What you have to do:
Without pictures, repeat exactly the lines from the one containing "presented a difficult" through the end of the entries.

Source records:
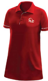
Cardinal Red Polo Dress
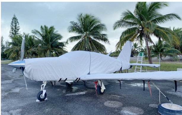
Socata Trinidad Full Cover Set

This cover type is made from Silver Acrylic Sunbrella canvas and is 100% lined with a soft and smooth microfiber. Bruce's Custom Covers developed this material combination especially for aircraft protection. The outer material is medium weight and treated for water resistance, UV resistance and anti-static buildup. The inner lining is a very soft and smooth microfiber to prevent scratching. The material is very reflective, and tests show that the cabin interior temperature can be reduced to near-ambient temperature on the hottest of days. It is water, ice and snow repellent, yet breathable to allow moisture to escape from between the cover and the aircraft surface.
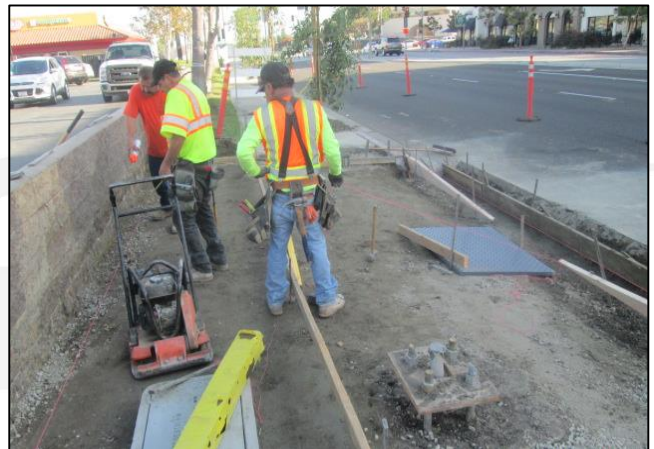
Laying out ADA ramp at Ralph's.
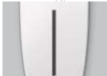
FANATIC VIPER DAGGERBOARD BOX
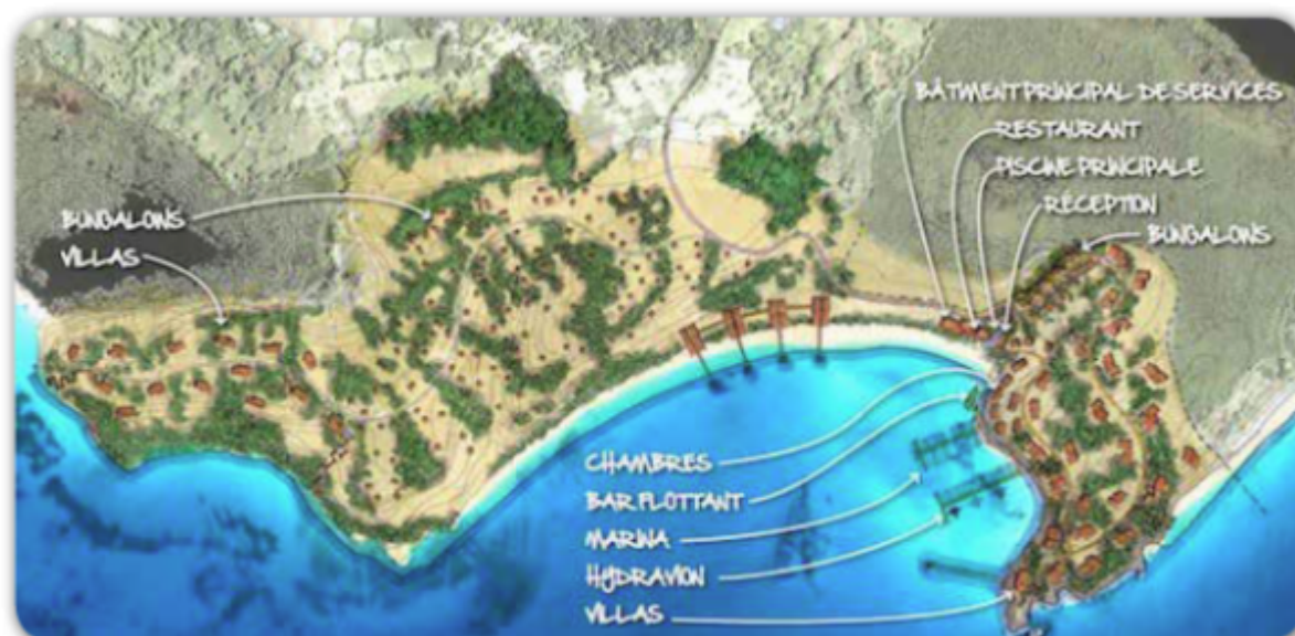
Photo of part of plans for Phase I of the Haitian government's Ile à Vache tourism project – Expansion of Abaka Bay, one of two of the current luxury hotels on the island.

The community sees it very differently. A grassroots group, Collective for Île-à-Vache (KOPI) [Konbit Oganizasyon Peyizan Ilavach], was formed in December 2013 and immediately began organizing multiple peaceful protests, strengthening the voices of the local community, and connecting with allies.
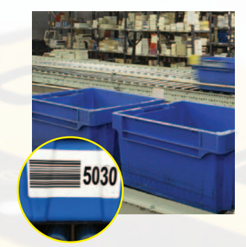
Tote ID & Sorting DataMan 500 reads barcodes on totes quickly and accurately.

DataMan 500 is used for code reading, tracking and sorting in a variety of industries and is the first image-based reader to be able to successfully accomplish logistics applications that were traditionally dominated by laser scanners. DataMan 500 is ideal for many retail and parcel distribution, postal and logistics applications, such as:
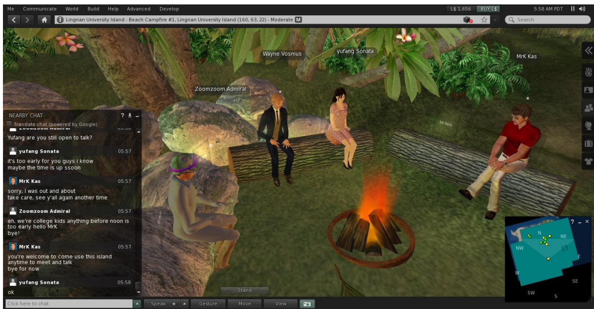
Figure 4. A beachside campfire gives students a quiet place for private chats.

presented a difficult obstacle to regular participation.
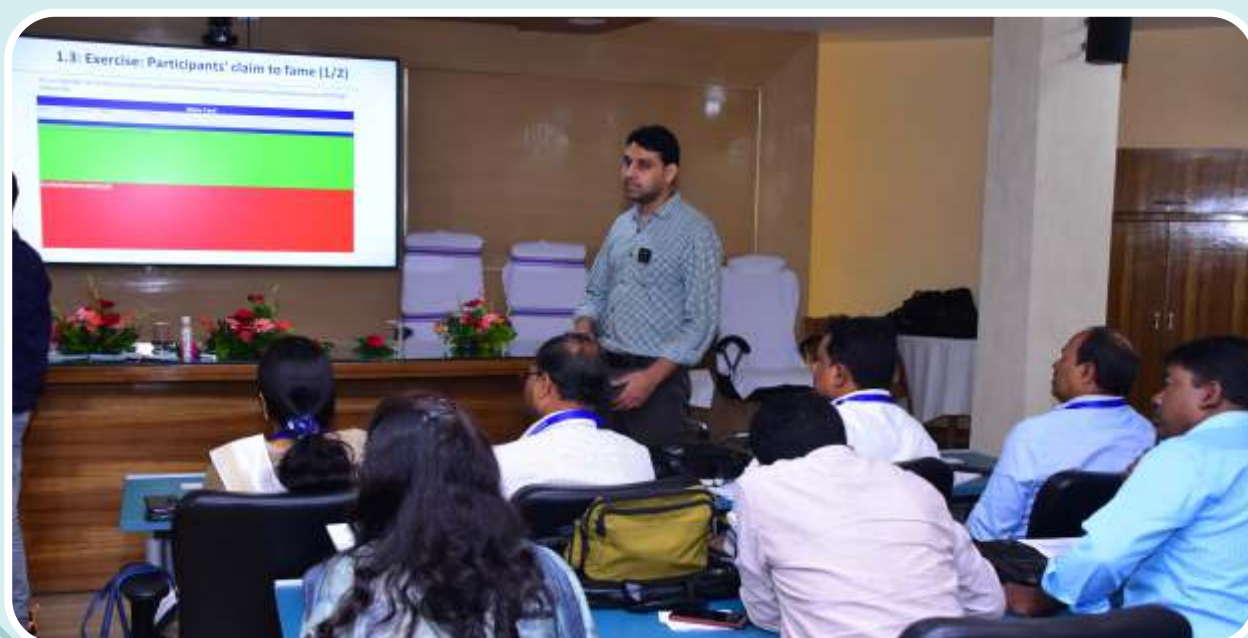
Training Programme on Social Audit
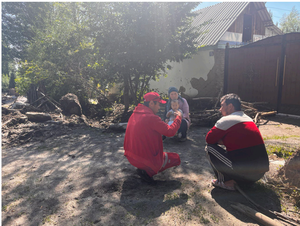
RCSK staff member assesses the needs of a flood-affected person.

main roads going to and out of villages, damaged residential and non-residential buildings, power outage due to poles being torn and electricity lines disrupted, and with cemeteries and animal burials flooded, there is increased likelihood of disease outbreaks
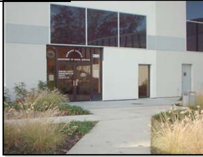
Department of Social Services
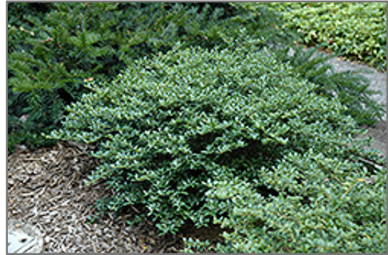
Helleri Japanese Holly
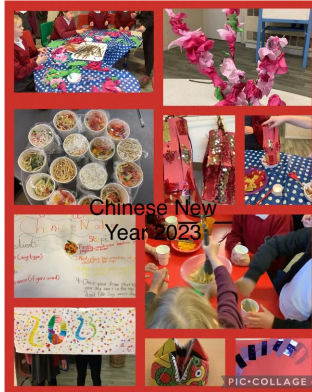
2 - The children who attend The Orchard have been enjoying some Chinese New Year activities.
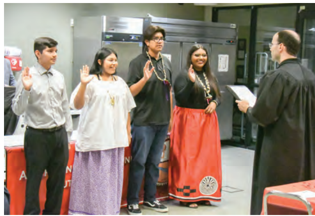
Some pictures of the Youth Council Oath of Office ceremony.

We would also like to thank the Elder Center
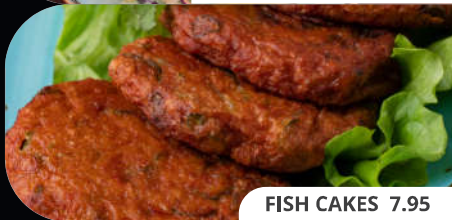
FISH CAKES 7.95

Task output:
presented a difficult obstacle to regular participation.
Training Programme on Social Audit
RCSK staff member assesses the needs of a flood-affected person.

main roads going to and out of villages, damaged residential and non-residential buildings, power outage due to poles being torn and electricity lines disrupted, and with cemeteries and animal burials flooded, there is increased likelihood of disease outbreaks
Department of Social Services
Helleri Japanese Holly
2 - The children who attend The Orchard have been enjoying some Chinese New Year activities.
Some pictures of the Youth Council Oath of Office ceremony.

We would also like to thank the Elder Center
FISH CAKES 7.95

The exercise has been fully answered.